Le dernier livre de la Bible, l’Apocalypse de saint Jean, explicite ce processus au chapitre 6, à travers sa vision du déroulement de l’histoire humaine. Il s’agit d’un livre scellé de sept sceaux. Les quatre premiers décrivent l’humanité laissée à elle-même, suivant une courbe inexorable qui descend vers la mort. Avec le cinquième sceau nous entrons dans le mouvement inverse, l’activité salvatrice de Dieu. Et cela commence justement avec le cri des « âmes de ceux qui furent égorgés… » (Apocalypse 6,9-11), en qui il faut voir non seulement les martyrs chrétiens, mais « tout le sang innocent répandu sur la terre, depuis le sang de l’innocent Abel » (Matthieu 23,35 ; voir Apocalypse 18,24). En Dieu, le sang des innocents reçoit une efficacité qui contrecarre les effets destructeurs de la violence. Leur apparente défaite inaugure un mouvement de libération qui culmine dans la croix du Christ.

C’est cela qui est manifesté par l’ouverture du sceau suivant, où il s’agit du « grand Jour de la colère de l’Agneau » (Apocalypse 6,17). La « colère de Dieu » est le terme technique utilisé dans la Bible pour exprimer sa réponse au péché qui vise le rétablissement de la justice bafouée. Ici, il se réfère à l’acte par lequel Jésus prend sur lui tout le mal humain en en subissant les conséquences jusqu’à l’extrême, dans son propre corps (voir 1 Pierre 2,21-24).
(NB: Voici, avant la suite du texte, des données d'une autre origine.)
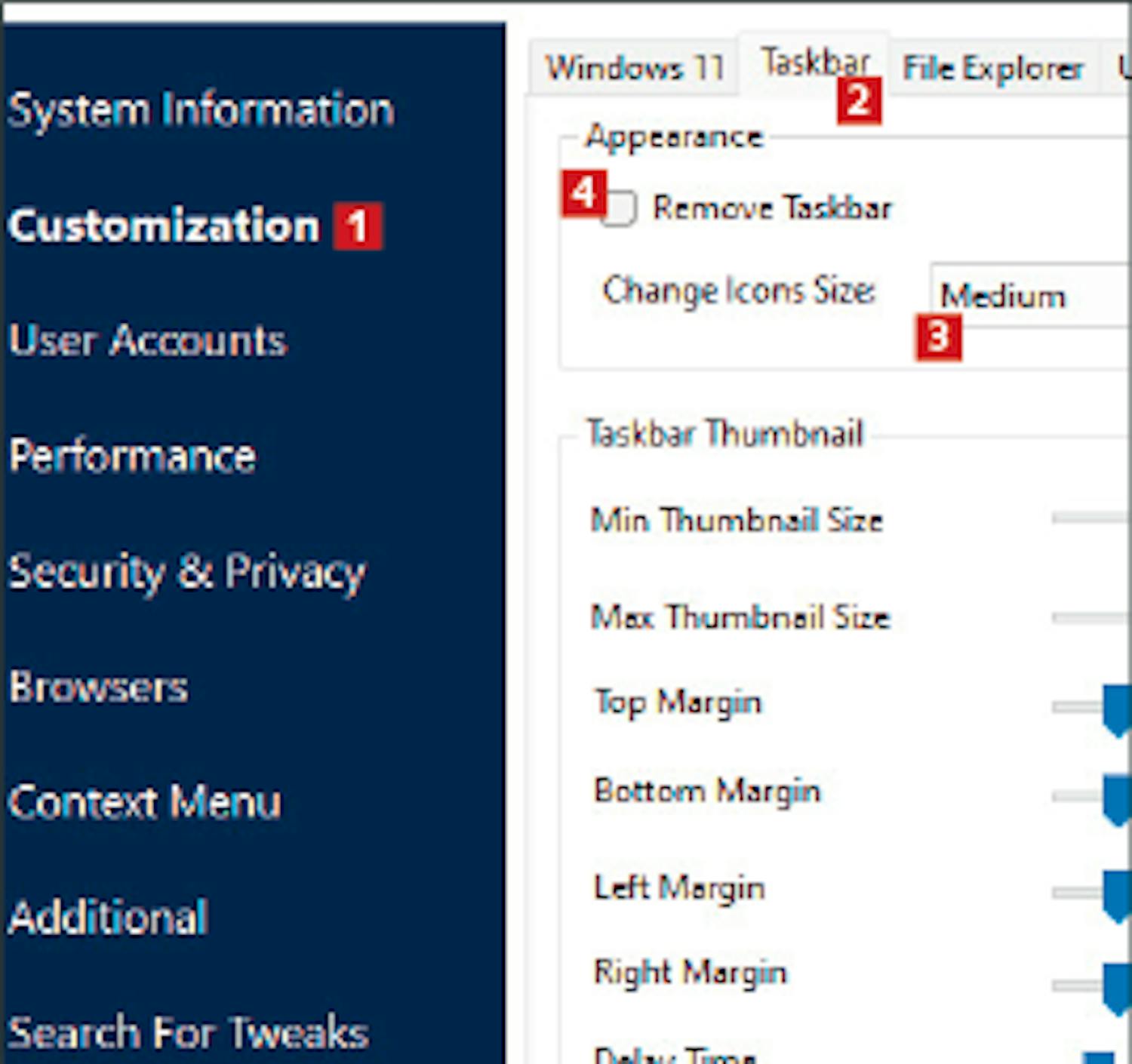 Ultimate Windows Tweaker ger bland annat tillgång till oöverträffade inställningar för Aktivitetsfältet i Windows, där du både kan ändra ikonernas storlek och bestämma om Start-menyn ska ligga till vänster, mitt i eller till höger i Aktivitetsfältet. Du kan också lägga till praktiska genvägar på musens högerklicksmeny
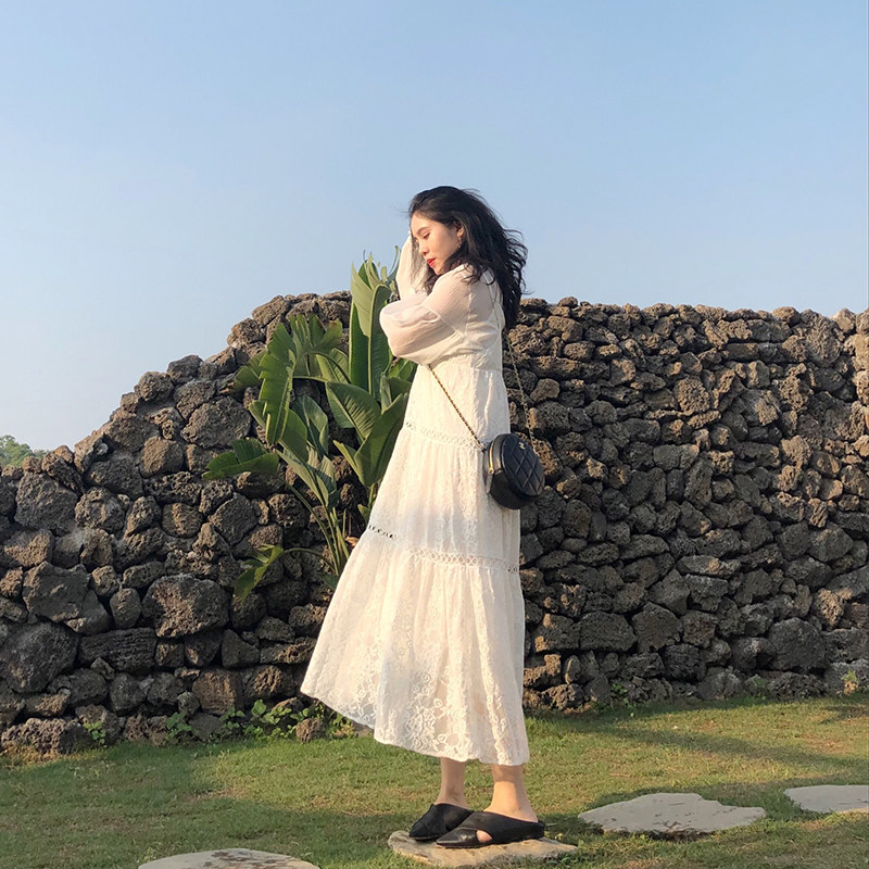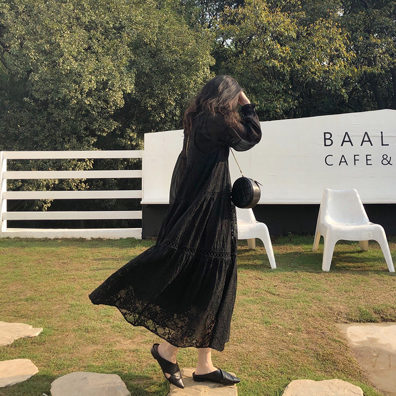 Via Vela2021 Suspender lace dress Very fairy French niche temperament Long French skirt
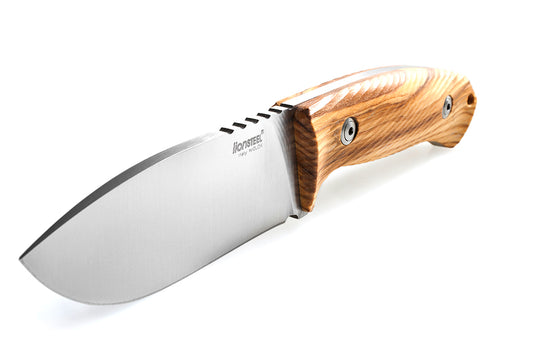 LionSteel M3 4.13" Niolox Olive Wood Fixed Blade Knife with Leather Sheath

En donnant sa vie jusqu’au bout, Jésus partage le sort de toutes les victimes innocentes et assure ainsi que leur peine n’a pas été vaine. Il porte leurs souffrances à l’intérieur de sa propre relation avec celui qu’il appelle abba, Père, et, puisque le Père l’écoute toujours (voir Jean 11,42), nous avons la garantie que cette souffrance n’est pas perdue. Elle entraîne la disparition de l’ancien ordre mondial marqué par l’injustice, et l’apparition « de nouveaux cieux et d’une nouvelle terre, où la justice habitera » (2 Pierre 3,13). Voici la réponse définitive, parce que vécue, donnée à Ivan Karamazov et à Job. Loin de tolérer ne fût-ce qu’un seul instant la souffrance des innocents, dans son Fils unique Dieu boit avec eux cette coupe amère jusqu’à la lie et, ce faisant, la transforme en coupe de bénédiction pour tous.